● Task prompt
Pictures must be left out. Retype exactly the lines from the one containing "Картина, известная как" through the last line of the records below.

● Supplied records
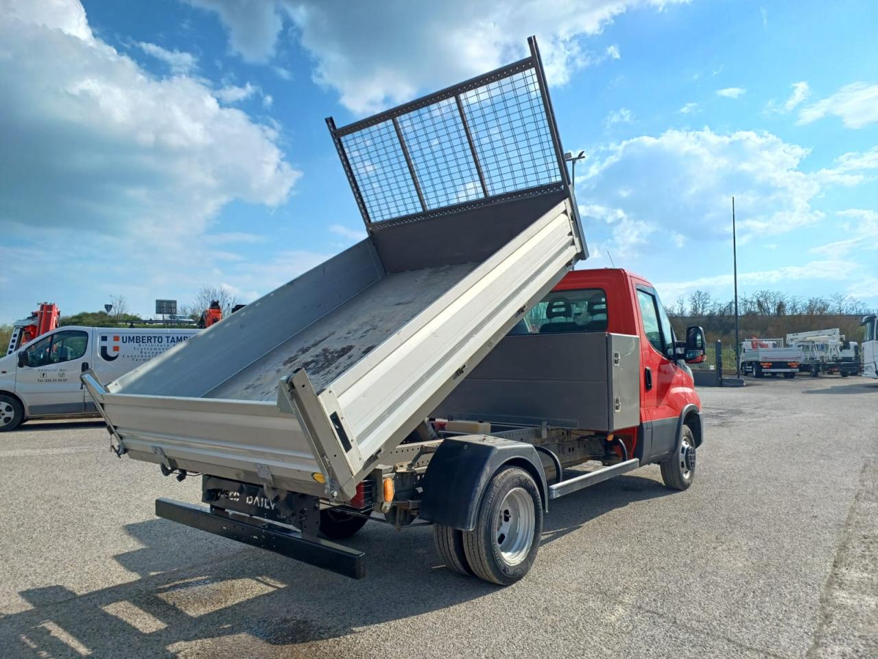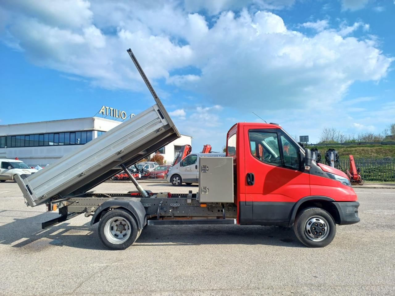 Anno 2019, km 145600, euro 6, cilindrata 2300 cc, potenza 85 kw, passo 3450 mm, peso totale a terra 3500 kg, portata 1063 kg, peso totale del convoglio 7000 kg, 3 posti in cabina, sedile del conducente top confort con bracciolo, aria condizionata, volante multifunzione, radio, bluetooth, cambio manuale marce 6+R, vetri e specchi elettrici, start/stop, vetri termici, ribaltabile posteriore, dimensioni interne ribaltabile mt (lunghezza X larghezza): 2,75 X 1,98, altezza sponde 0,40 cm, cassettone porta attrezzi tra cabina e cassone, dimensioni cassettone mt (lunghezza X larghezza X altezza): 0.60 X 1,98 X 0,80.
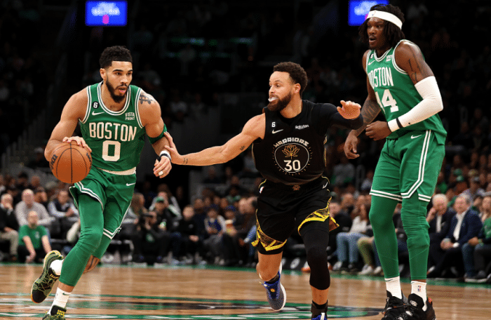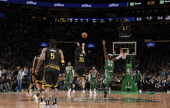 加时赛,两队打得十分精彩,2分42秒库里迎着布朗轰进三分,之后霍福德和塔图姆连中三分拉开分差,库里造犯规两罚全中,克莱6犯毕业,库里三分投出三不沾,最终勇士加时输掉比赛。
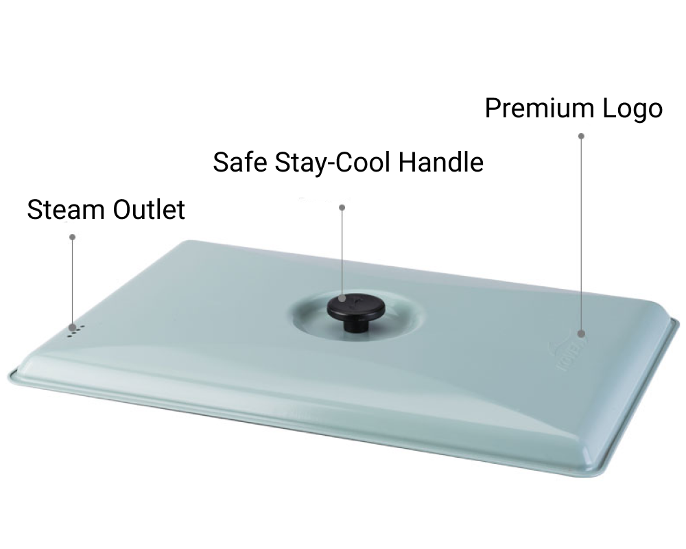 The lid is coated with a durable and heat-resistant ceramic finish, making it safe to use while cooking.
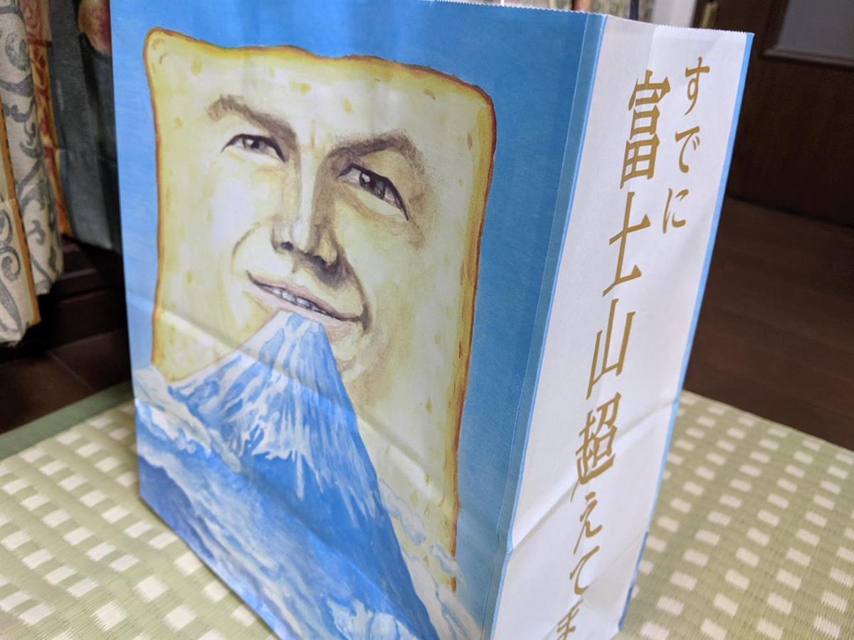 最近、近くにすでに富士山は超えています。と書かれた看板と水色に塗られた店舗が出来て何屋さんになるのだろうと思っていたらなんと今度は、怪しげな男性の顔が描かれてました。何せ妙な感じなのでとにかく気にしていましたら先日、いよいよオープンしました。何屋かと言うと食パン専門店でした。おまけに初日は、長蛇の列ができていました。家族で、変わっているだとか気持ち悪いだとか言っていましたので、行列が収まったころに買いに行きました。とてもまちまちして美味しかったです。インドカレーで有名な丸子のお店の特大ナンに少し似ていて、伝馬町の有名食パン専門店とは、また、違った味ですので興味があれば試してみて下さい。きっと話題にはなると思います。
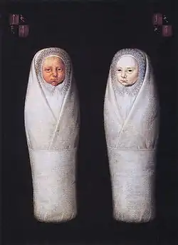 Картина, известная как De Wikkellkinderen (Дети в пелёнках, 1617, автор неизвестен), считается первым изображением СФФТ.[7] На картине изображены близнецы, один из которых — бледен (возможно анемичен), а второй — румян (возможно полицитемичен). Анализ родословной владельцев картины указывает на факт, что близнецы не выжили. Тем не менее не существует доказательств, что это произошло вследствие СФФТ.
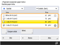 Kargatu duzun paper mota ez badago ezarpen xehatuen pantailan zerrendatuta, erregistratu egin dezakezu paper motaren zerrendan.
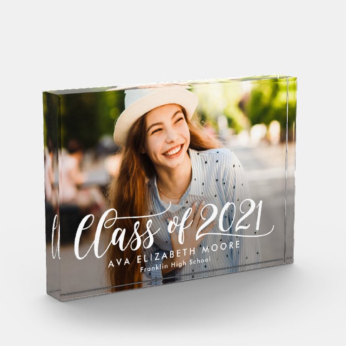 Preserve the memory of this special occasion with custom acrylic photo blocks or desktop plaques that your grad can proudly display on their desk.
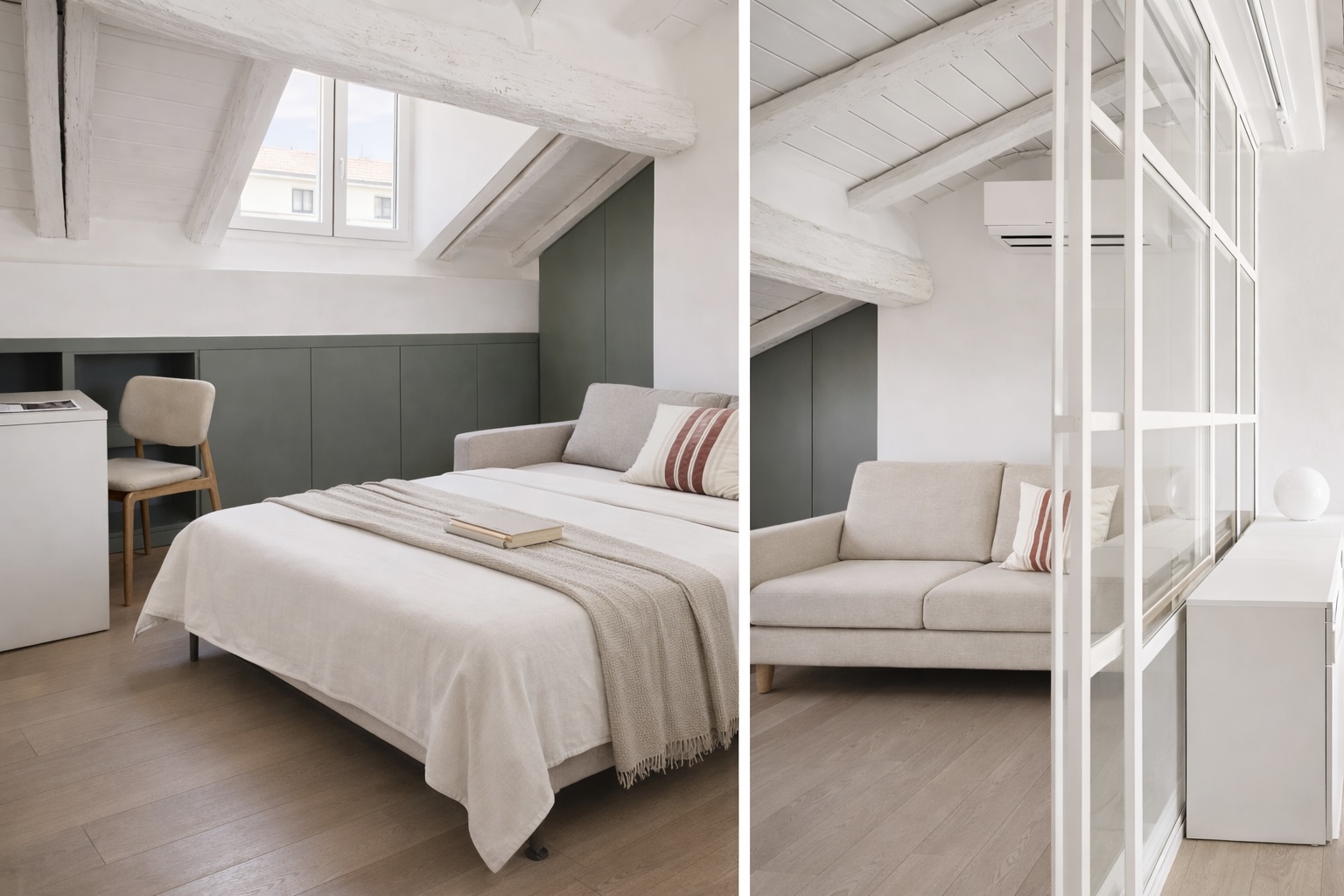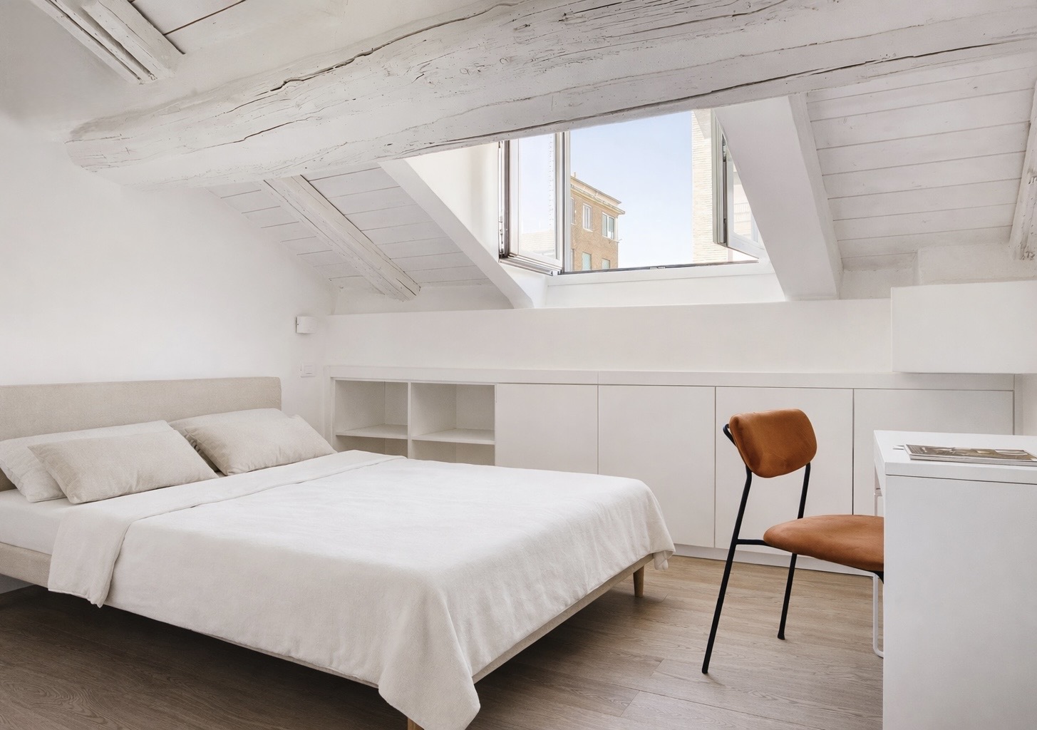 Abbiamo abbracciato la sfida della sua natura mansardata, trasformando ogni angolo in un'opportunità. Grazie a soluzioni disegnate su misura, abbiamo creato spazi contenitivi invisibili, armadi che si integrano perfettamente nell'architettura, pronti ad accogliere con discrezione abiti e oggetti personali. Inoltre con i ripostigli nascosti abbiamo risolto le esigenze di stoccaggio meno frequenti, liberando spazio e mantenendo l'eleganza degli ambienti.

● Task solution
 Картина, известная как De Wikkellkinderen (Дети в пелёнках, 1617, автор неизвестен), считается первым изображением СФФТ.[7] На картине изображены близнецы, один из которых — бледен (возможно анемичен), а второй — румян (возможно полицитемичен). Анализ родословной владельцев картины указывает на факт, что близнецы не выжили. Тем не менее не существует доказательств, что это произошло вследствие СФФТ.
 Kargatu duzun paper mota ez badago ezarpen xehatuen pantailan zerrendatuta, erregistratu egin dezakezu paper motaren zerrendan.
 Preserve the memory of this special occasion with custom acrylic photo blocks or desktop plaques that your grad can proudly display on their desk.
 Abbiamo abbracciato la sfida della sua natura mansardata, trasformando ogni angolo in un'opportunità. Grazie a soluzioni disegnate su misura, abbiamo creato spazi contenitivi invisibili, armadi che si integrano perfettamente nell'architettura, pronti ad accogliere con discrezione abiti e oggetti personali. Inoltre con i ripostigli nascosti abbiamo risolto le esigenze di stoccaggio meno frequenti, liberando spazio e mantenendo l'eleganza degli ambienti.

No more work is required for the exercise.